DESCRIPTION OF THE TASK >> Look in the material below for the line holding "Um grande e". Set it down exactly, with each later line up to and including the line holding "Arlight SMART-K15-DMX (12-36V, 4x8A)".

TASK INPUTS >>
----

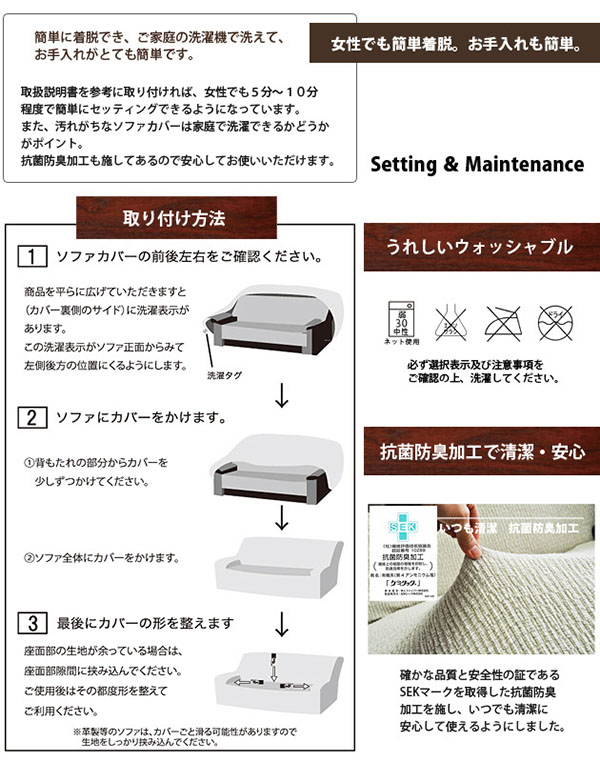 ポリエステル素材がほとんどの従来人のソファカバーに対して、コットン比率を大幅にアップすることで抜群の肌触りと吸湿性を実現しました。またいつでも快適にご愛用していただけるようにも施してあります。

----

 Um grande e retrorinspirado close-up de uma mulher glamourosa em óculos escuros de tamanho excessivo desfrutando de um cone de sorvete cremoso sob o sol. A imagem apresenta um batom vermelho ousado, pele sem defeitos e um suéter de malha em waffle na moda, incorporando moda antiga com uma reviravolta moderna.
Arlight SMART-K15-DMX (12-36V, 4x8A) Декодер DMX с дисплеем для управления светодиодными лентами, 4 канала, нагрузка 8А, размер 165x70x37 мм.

----

SOLUTION TO THIS PROBLEM >>
 Um grande e retrorinspirado close-up de uma mulher glamourosa em óculos escuros de tamanho excessivo desfrutando de um cone de sorvete cremoso sob o sol. A imagem apresenta um batom vermelho ousado, pele sem defeitos e um suéter de malha em waffle na moda, incorporando moda antiga com uma reviravolta moderna.
Arlight SMART-K15-DMX (12-36V, 4x8A) Декодер DMX с дисплеем для управления светодиодными лентами, 4 канала, нагрузка 8А, размер 165x70x37 мм.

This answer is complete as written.